- ENTRIES SUPPLIED -
------------------------------------
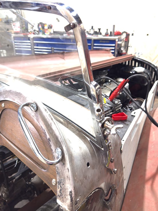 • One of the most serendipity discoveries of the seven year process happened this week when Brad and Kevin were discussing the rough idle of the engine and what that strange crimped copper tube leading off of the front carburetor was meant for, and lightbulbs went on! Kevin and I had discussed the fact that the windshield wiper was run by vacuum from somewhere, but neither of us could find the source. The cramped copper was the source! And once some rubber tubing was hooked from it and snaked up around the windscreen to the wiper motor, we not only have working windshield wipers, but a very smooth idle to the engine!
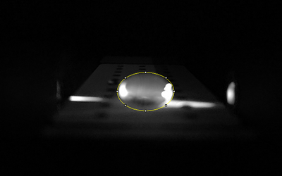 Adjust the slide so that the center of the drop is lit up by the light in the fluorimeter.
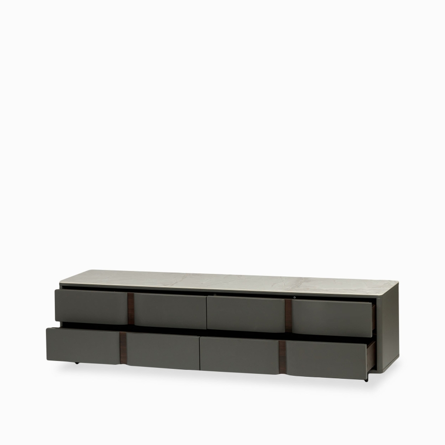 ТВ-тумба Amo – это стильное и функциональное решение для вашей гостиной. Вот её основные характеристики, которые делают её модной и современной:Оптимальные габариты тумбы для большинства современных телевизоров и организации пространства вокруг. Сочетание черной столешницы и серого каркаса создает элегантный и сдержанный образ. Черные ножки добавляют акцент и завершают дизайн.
------------------------------------
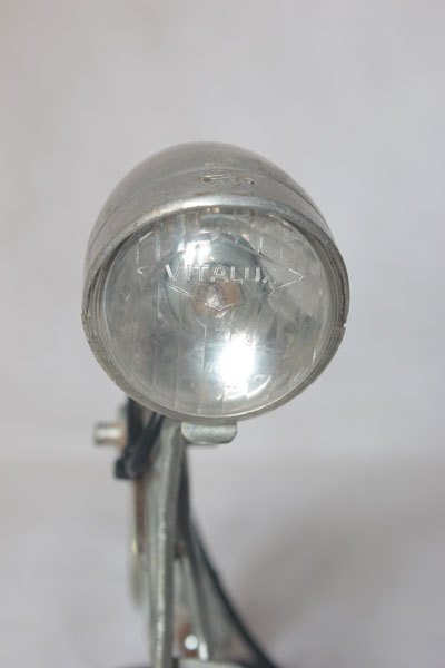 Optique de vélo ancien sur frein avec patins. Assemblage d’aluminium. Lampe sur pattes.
------------------------------------
- WHAT TO DO -
Output only the lines above from the line that holds "Adjust the slide" through the line that holds "ТВ-тумба Amo –", both ends included, and exclude pictures.

- SOLUTION TO THIS PROBLEM -
 Adjust the slide so that the center of the drop is lit up by the light in the fluorimeter.
 ТВ-тумба Amo – это стильное и функциональное решение для вашей гостиной. Вот её основные характеристики, которые делают её модной и современной:Оптимальные габариты тумбы для большинства современных телевизоров и организации пространства вокруг. Сочетание черной столешницы и серого каркаса создает элегантный и сдержанный образ. Черные ножки добавляют акцент и завершают дизайн.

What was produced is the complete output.